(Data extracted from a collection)

· · · ·

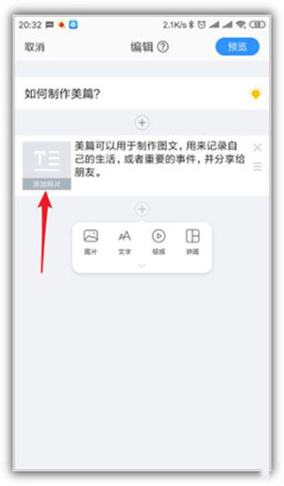 1、到此,一篇综合性的文章就编辑完成了,点击右上角的预览。
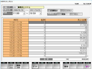 指定期間の時間帯別売上を30分単位に集計し画面表示します。
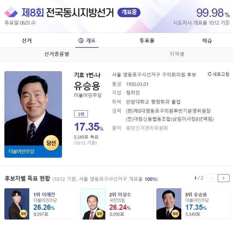[세계타임즈 백진욱 기자] 더불어민주당 유승용 후보가 제 8회 전국동시지방선거 서울 영등포구사선거구에서 구의회의원으로 당선됐다.
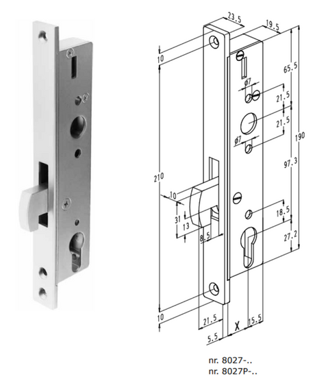 Sobinco PENTALOCK 6790 serrure à crochet pour porte coulissante
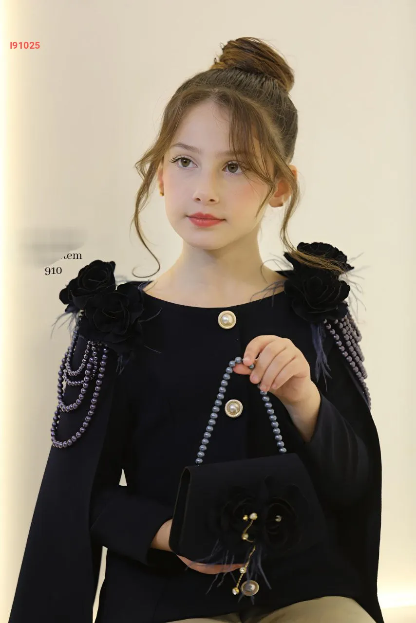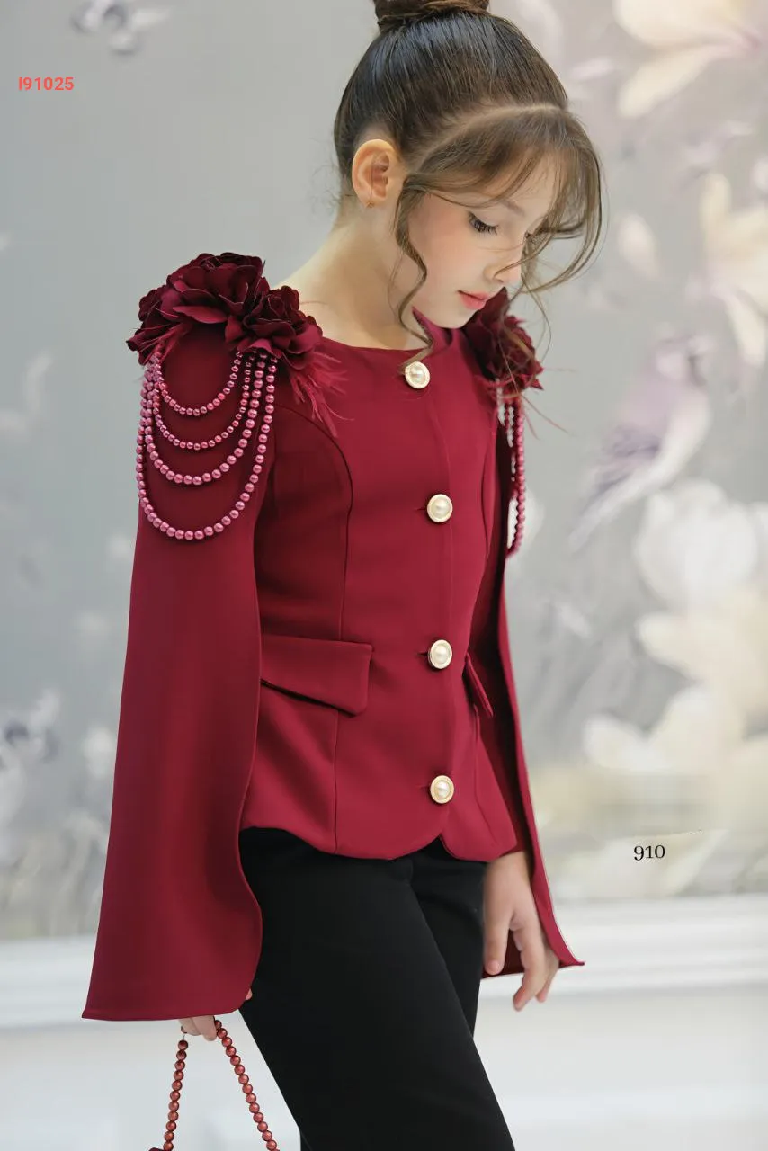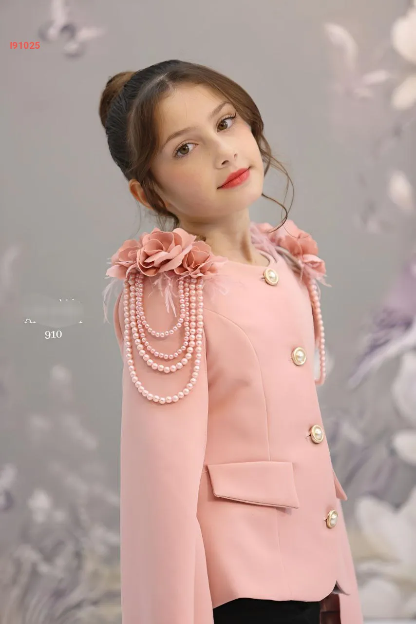 طقم بنطال بناتي وجاكيت مزين ورد ولولو
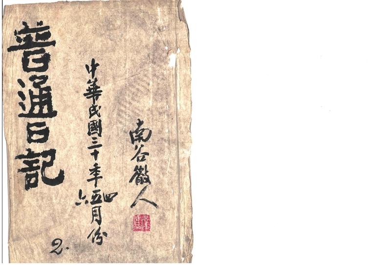 金城古玩城軒潤堂主人馬先生,近日重金收購一冊裴建準《普通日記》,行書寫本,雙頁折疊裝訂,凡66面。面長31厘米,闊24厘米。每面十行字,行22、23、24字不等。封面題三行字:左上題“普通日記”四大字,下題阿拉伯數字“2”;中題“中華民國三十年四、五、六月份”;右題“南谷山人”,鈐“裴建準印”白文印。何以稱《普通日記》呢?他是否還有其他《日記》待考。
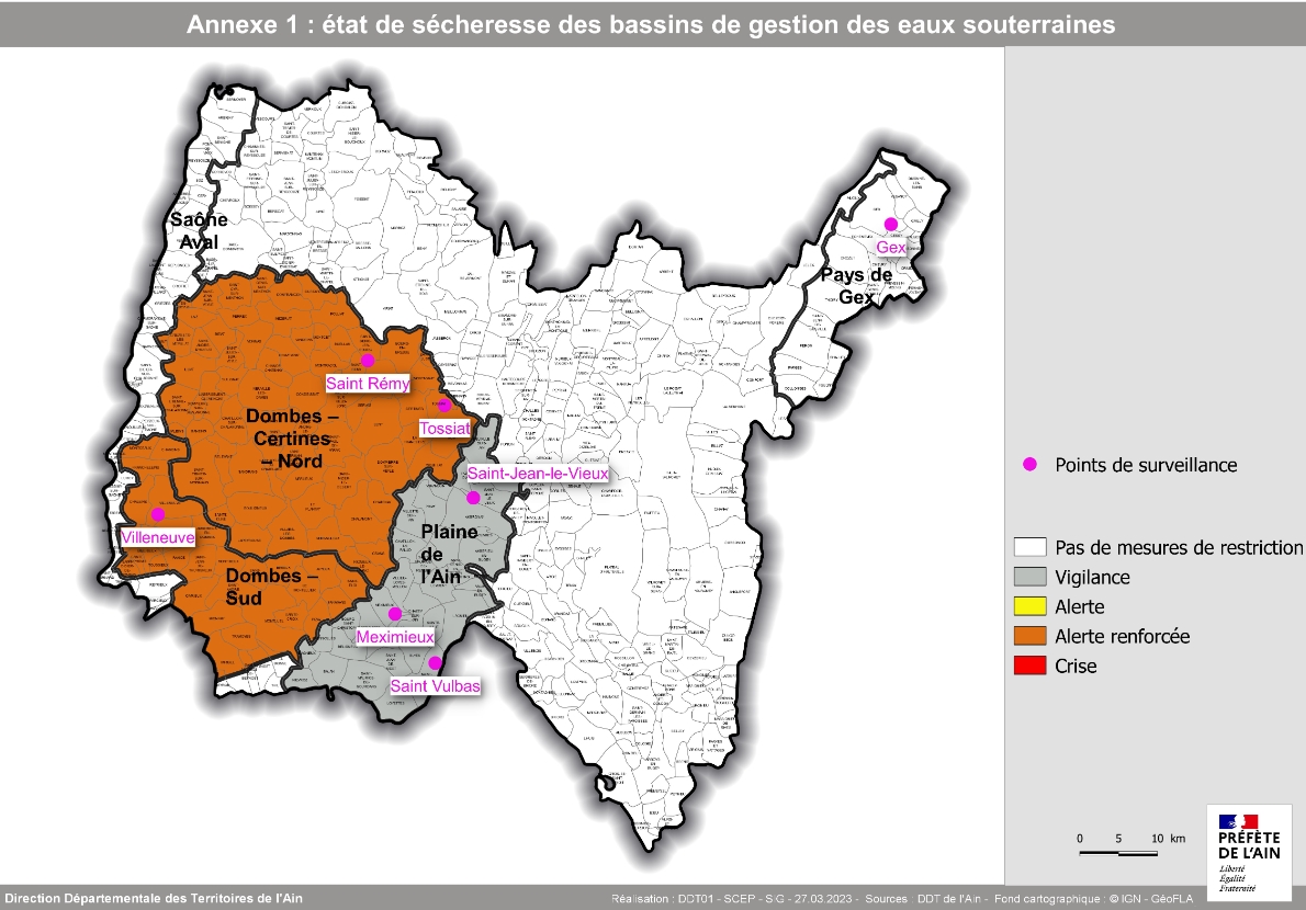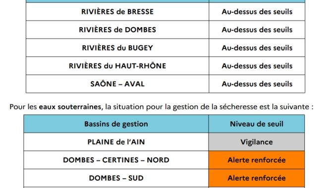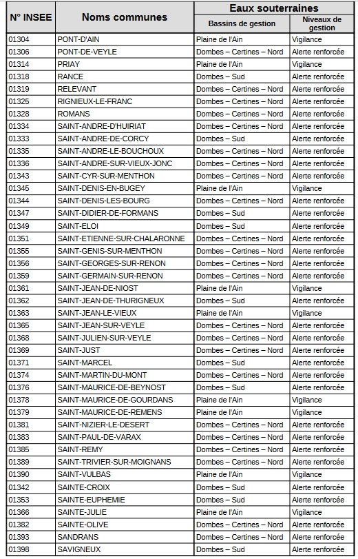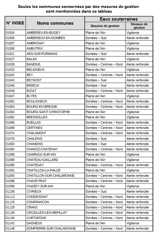 - placer le bassin de gestion eaux souterraines « Plaine de l’Ain » en situation de vigilance.

· · · ·

Set down again, exactly, every line above from the one with "指定期間の時間帯別売上を30分単位に集計し画面表示します。" down to the one with "طقم بنطال بناتي وجاكيت مزين ورد ولولو", both ends included. No pictures, and nothing else.

 指定期間の時間帯別売上を30分単位に集計し画面表示します。
[세계타임즈 백진욱 기자] 더불어민주당 유승용 후보가 제 8회 전국동시지방선거 서울 영등포구사선거구에서 구의회의원으로 당선됐다.
 Sobinco PENTALOCK 6790 serrure à crochet pour porte coulissante
 طقم بنطال بناتي وجاكيت مزين ورد ولولو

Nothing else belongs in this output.